Признаться, было бы проще всего рассказать вам о нашей службе, пройдясь по дозорным тропам, побывав в тех местах, где захвачены лазутчики, изложив ход этих операций. Но хочется рассказать по-иному… А с чего начать, не знаю. Если с первого дня, как принял заставу, — будет длинно и неинтересно. Тем более, что в ту пору я и сам был еще молод и неопытен, до многого доходил ощупью.

Я днем и ночью пропадал на участке, проверял, бдительны ли наряды, хорошо ли прикрыты все направления, по которым могут пойти нарушители. По молодости своей я упускал самое важное… Теперь-то хорошо вижу, что граница — это прежде всего люди, солдаты. Но в то время мне не приходило в голову разобраться в них, углубиться, так сказать, в каждого. Я смотрел на них как на готовых солдат, веря, что в нужный момент они не подведут. Признаться, все они мне нравились… Служил тогда у меня, например, рядовой Генералов. Говорил красноречиво, умел товарищей покритиковать. Постоянно, бывало, слышу, как в казарме кого-нибудь отчитывает то за небрежно застланную койку, то за плохую уборку. Слушаю его и думаю: молодчина, Генералов…

Привык я его считать лучшим пограничником. Звонят из политотдела, спрашивают, кого отметить. Ну, конечно, Генералова… Мне бы хоть раз побеседовать с ним как следует. Может, и увидел бы, какой он там, внутри…

Обращается однажды ко мне, просится в городской отпуск. Ну что ж, думаю, иди, у тебя сегодня выходной. Зайдите, говорю, к старшине, он вам увольнительную выпишет. А о том, что намерен Генералов в городе делать, к кому идет, не спросил.

Вернулся он поздно вечером. Смотрю: неладное что-то с солдатом. Походка неестественно осторожная, всех сторонкой обходит, мне о возвращении не докладывает. Приказываю дежурному вызвать Генералова. Входит он в канцелярию, и сразу все выясняется: пьян!

И это у меня, в моем подразделении! Сгоряча кричу на Генералова, угрожаю ему строгим взысканием, а в голове самые горькие и обидные упреки самому себе.

Наказав Генералова, я всерьез задумался над случившимся. Значит, все мои заботы об охране участка могли оказаться напрасными?

Если Генералов напился, то он мог бы и задремать на посту. А в то самое время рядом с ним прошел бы вражеский лазутчик.

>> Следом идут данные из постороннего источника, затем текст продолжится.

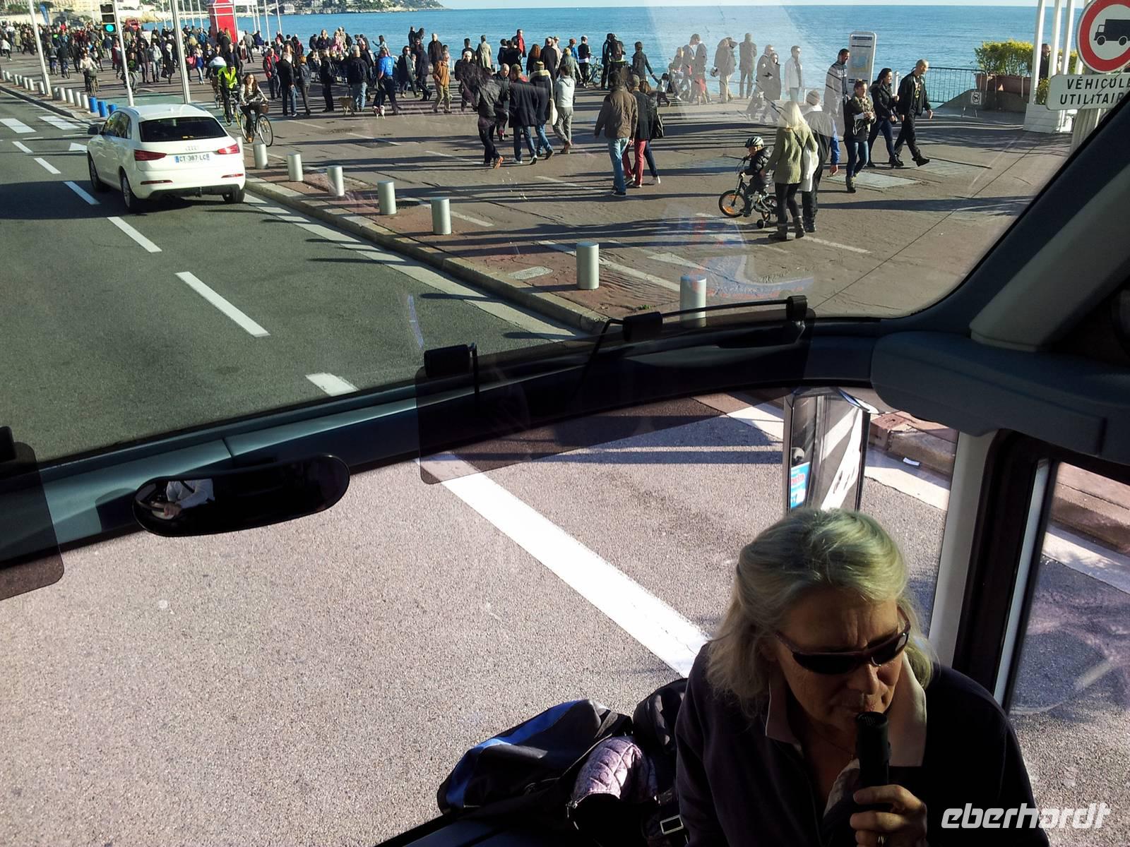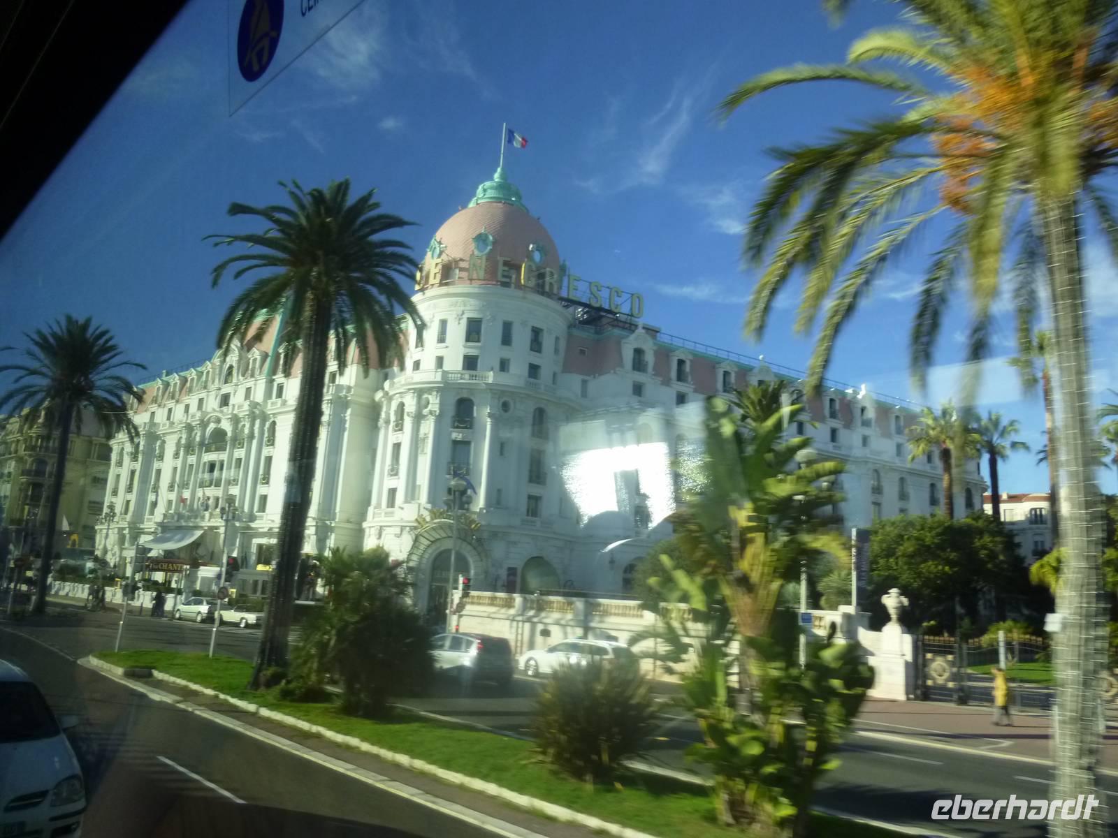 Heute ist unser Rückflug und unsere erlebnisreiche Reise endet leider. Aber vorher hatten wir den ganzen Vormittag in Nizza um die letzten Eindrücke oder Einkäufe zu machen. Als Überraschung von Eberhardt bat ich allen meinen Gästen an zu Fuß bis zum 5-Sterne Hotel „Negresco" zu gehen um dort einen Kaffee zu genießen. Wir mussten alle Regenschirm oder Regenjacke mitbringen da sich Nizza mit Regentränen von uns verabschieden wollte. Wir mussten nur drei Minuten im Hotel warten damit sie für uns drei Tische im Restaurant vorbereiteten. Wir waren allein und es war einfach sehr schön. Als wir uns später alle wieder trafen hatte jeder von uns erzählt was man mit der freien Zeit gemacht hatte, um die letzten Stunden in Nizza zu genießen: einige waren im berühmten Musem „Musee Matisse", andere wieder im „Chez Freddy" wie am zweiten Tag zum Mittagessen und andere wollten einfach durch die Straßen von Nizza schlendern um ein anderes Nizza zu erkundigen. Emily brachte uns gut, wie immer, zum Flughafen.
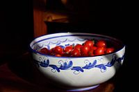 Koop de foto Kom met tomaten van Ulrike Leone als print op canvas, aluminium dibond, (ingelijste) fotoprint, behang en ArtFrame. Voor jou op maat geprint in Fine-Art kwaliteit.
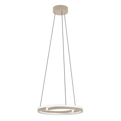 This modern pendant light with a double-curved LED ring made of sand-coloured aluminium, a white plastic light surface and a canopy made of sand-coloured steel combines minimalist design with elegant lightness and geometric style Ideal as a pendant lamp above the dining table, as a kitchen lamp over the kitchen island or as a lamp in the living room – even light distribution for a modern living atmosphere This product is an containing product with a light source of energy efficiency class F; containing products are luminaires that can be disassembled for separate inspection of the contained light source(s)
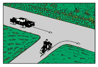 Motocikleta pasi vjen nga e djathta e automjetit.
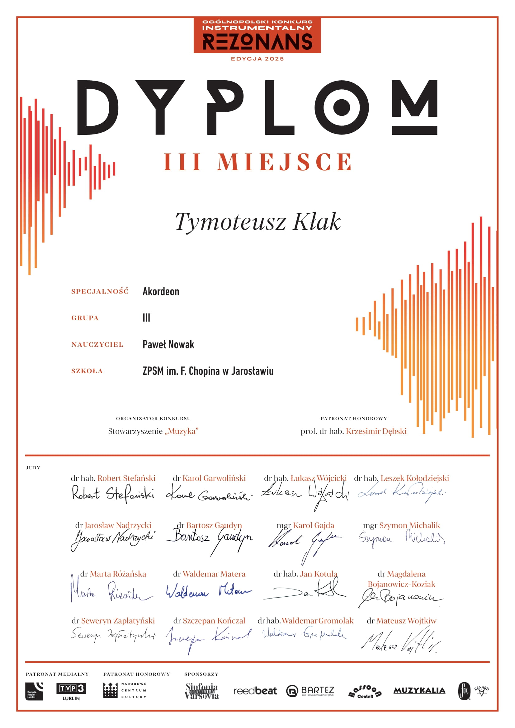 - z klasy akordeonu mgra Pawła Nowaka w kategorii III Tymoteusz Kłak otrzymał III miejsce.
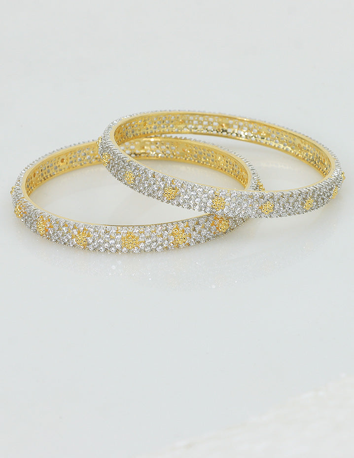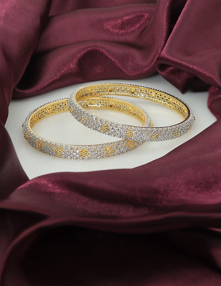 Elevate your look with this Designer Zirconia Bangle. Available in various sizes, this bangle features zirconia stones in White. A must-have for any jewelry collection.
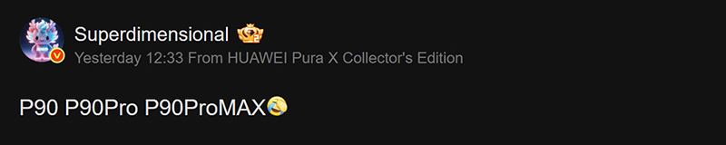 យោងតាមអ្នកទម្លាយ SuperDimensional ថ្មីនេះ ក៏បានបញ្ជាក់នូវឈ្មោះផ្លូវការណ៌របស់ស្មាតហ្វូនទាំង 3 នៃ Huawei Pura 90 Series: Pura 90, Pura 90 និង Pura 90 Pro MAX។ ផ្អែកទៅលើការបែកធ្លាយថ្មីនេះ វាហាក់ដូចជាក្រុមហ៊ុនHuawei បោះបង់ចោលនូវម៉ូដែល Ultra នៅក្នុងស្មាតហ្វូនត្រកូល Pura 90 series នេះជំនួសមកវិញដោយម៉ូឌែល PRO Max។
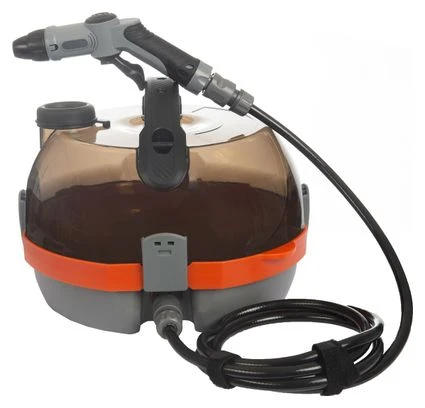 , siempre tendrá algo para limpiar su equipo, incluso cuando no esté en casa. Portátil, energéticamente eficiente y recargable, este limpiador tiene una batería integrada de 2200 mAh y un depósito con una capacidad máxima de 5 litros. No es necesario conectarse al agua o a la electricidad cuando se utiliza. Basta con montar el depósito y la base juntos, montar la manguera y luego llenar el depósito con agua.
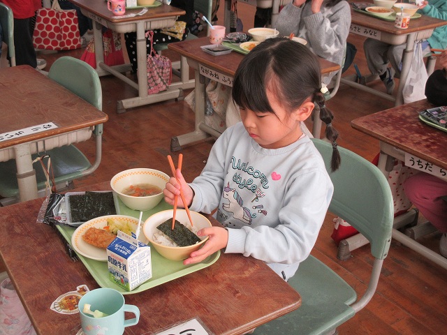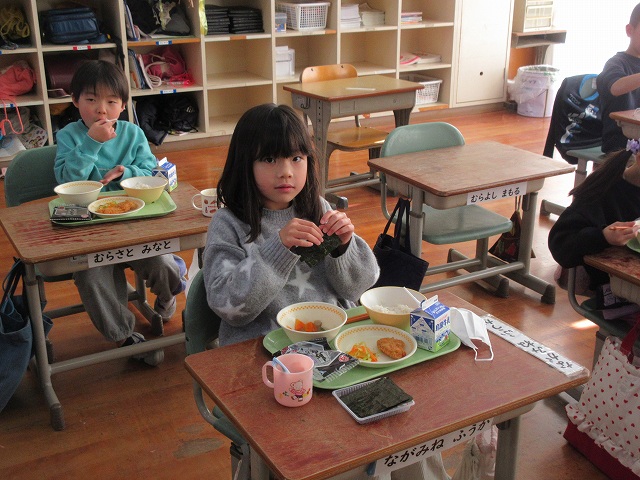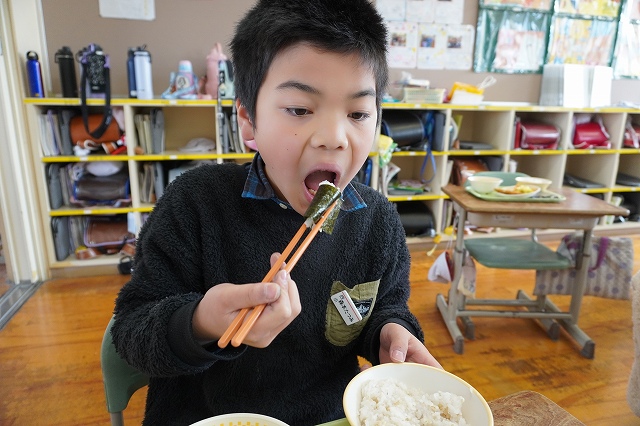 この海苔は、(株)丸政水産様から「有明海の海苔の美味しさと、地域の産業についてもっと知ってほしい」という観点からご提供いただいたものです。子どもたちは「有明海の海苔は美味しいね!」と言いながら、パリパリの食感をそのまま楽しんだり、ご飯に添えて美味しく味わいました。
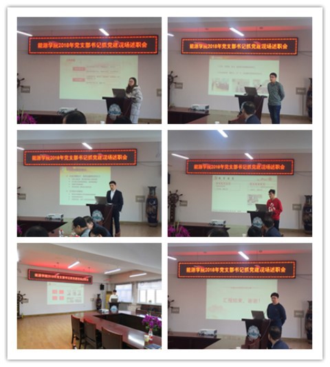 各党支部书记分别从所在党支部基本建设情况、“三会一课”制度落实情况、党支部特色工作及主题党日开展情况、“两学一做”学习教育常态化制度化、学习党的十九大精神落实情况、存在的问题和改进措施、下一年度工作计划等方面进行述职。各位党支部书记用详细数据、具体事例汇报了所在党支部2018年工作开展情况,田振辉书记、孙垠副书记以及党委委员对每一个教工党支部和学生党支部逐一点评。他们首先对2018年度各党支部的工作给予肯定,感谢各位支部书记以高度责任心履职尽责。同时针对各党支部工作中存在的一些实际问题,对各个支部提出了新的要求。
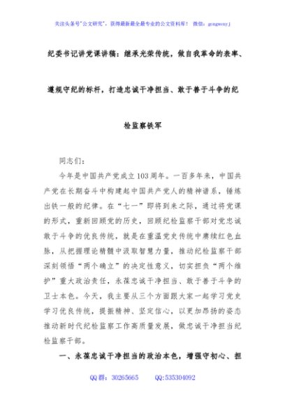 / 纪委书记讲党课讲稿:继承光荣传统,做自我革命的表率、遵规守纪的标杆,打造忠诚干净担当、敢于善于斗争的纪检监察铁军
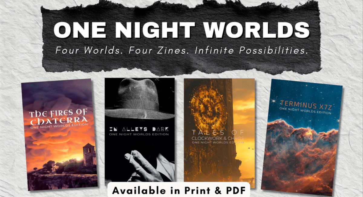 Goodies: Get the Tales of clockwork & Chaos, Terminus X7Z, The Fires of Chaterra, and In Alleys Dark for $12 each. The One Night Worlds Omnibus (Paperback for $28, the ONW Zine Bundle for $35, or at higher tiers get the supporter bundle for $50, and much more!
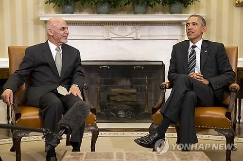 | △ 지난 3월 24일 미국 워싱턴 백악관에서 버락 오바마 미국 대통령이 미국을 방문한 아슈라프 가니 아프간 대통령과 회담하고 있다.(AP=연합뉴스 자료사진) |
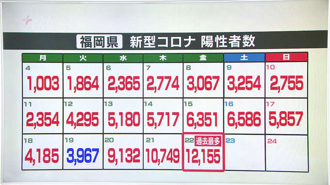 福岡県では22日、過去最多となる1万2155人の陽性が確認されました。3日連続で過去最多を更新しました。発表自治体別の内訳は、福岡市が5159人、北九州市が1753人、久留米市が752人、そのほ…
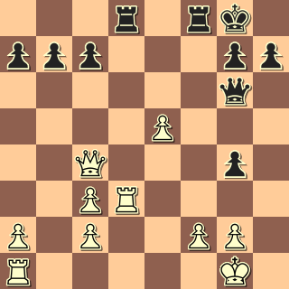 21. … Vxd3?!?! Nemožňák! A černý musí hrát nesmyslně věží: 21. … Vd5(??) 22. Dxd5+ Kh8 23. Vad1 h6 24. e6 Jednoduše: mám volňáka, tak kupředu. 24. … Vf5? 25. De4 Df6 26. e7 g6 27. e8D+ Kg7 28. Vd7+ Df7 29. Vxf7+ Vxf7 30. D4e5+
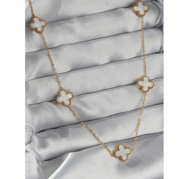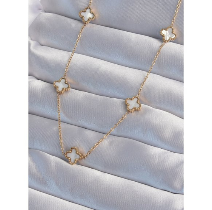 Işıltılı altın zincir üzerinde, sedefin büyüleyici beyazlığıyla bezenmiş yonca motifleri. Şans ve stilin mükemmel buluşması.

Теперь я впервые попытался представить себе каждого солдата стоящим на посту ночью, днем, в дождь, в пургу. Я думал о каждом из них и иногда чувствовал, что вот на этого, например, положиться до конца не могу. Одному не хватает внимательности, зоркости, другому — выдержки, третьему — пограничной хитрости. На занятиях и стрельбах мне нравился рядовой Геннадий Шипков: старательный, послушный. Но на службе Шипков почему-то часто бывал рассеянным… Призадумался я и над Сорокиным. Этому молодому солдату надо быть более дисциплинированным. Случись пограничникам действовать в трудных условиях, Сорокин может подвести. Возьмет верх его самолюбие, сделает что-нибудь по- своему, не так, как ему прикажут, вот и провал!..

Так заново мне пришлось познакомиться со своей заставой. Я раскрыл тетрадь и стал записывать все, что нужно было делать без оттяжек.

Наступила долгая в наших краях полярная ночь. Солнце уже не поднималось над горизонтом. Лишь по часам определяли мы, когда должны быть утро или вечер. В полдень сумерки редели, словно вот-вот наступит рассвет. Но через час они снова сгущались, серая, исхлестанная косыми осенними дождями земля опять сливалась с небом, и все застилал плотный северный туман.

Охранять границу стало трудно. Утомляла ходьба по скользким каменистым тропам. Постоянно болели глаза от напряжения в темноте. Одежда промокала даже под брезентовым плащом. Вода на болотах разлилась, затопив сделанные из бревен настилы. Все же границу мы держали на крепком замке. С радостью убеждался я, что даже в самые ненастные ночи солдаты отлично видят и слышат. Идешь по участку и как ни стараешься осторожно ступать по тропе, они все равно заметят.

Только Геннадий Шипков по-прежнему не удовлетворял меня службой. Его рассеянность была просто непонятна. Беседовал с ним, и не раз, знал о нем уже почти все. Работал он до службы на Гусь-Хрустальном. Юноша оказался способным алмазчиком — в восемнадцать лет его назначили мастером. Геннадий долго, увлекательно рассказывал мне, какие чудесные вещи делал из хрусталя.

Его верстак с алмазным колесом, на котором он вытачивал острые, играющие всеми цветами грани, стоял у окна. Летом за окном сияло солнце, и его лучи, сверкая, преломлялись в этих гранях. Иногда, после шумного, теплого дождя, над ближними лесами и степью повисала яркая, празднично нарядная радуга. Геннадий поглядывал на нее, думая: как хорошо было бы увидеть такую же радугу в том куске хрусталя, который он держал сейчас в своих руках. Зимой, когда на деревья в заводском дворе ложился серебристый иней, рождалась новая беспокойная, волнующая мысль: перенести на хрусталь все изящество этого легкого, тонкого и светлого рисунка.

Геннадий вспоминал небольшую комнату в алмазном цехе, названную на заводе образцовой. Там были собраны лучшие образцы изделий. Рассказывая о редкой красоты вазах, богатых спортивных кубках, о хрустале всех цветов и оттенков, обо всем, что сделано искусными руками его заводских товарищей, Геннадий волновался. Это выдавало его любовь к своей профессии. А если человек, думал я, способен так любить дело, он не может быть плохим солдатом. Хотелось верить, что Шипков найдет себя и на заставе.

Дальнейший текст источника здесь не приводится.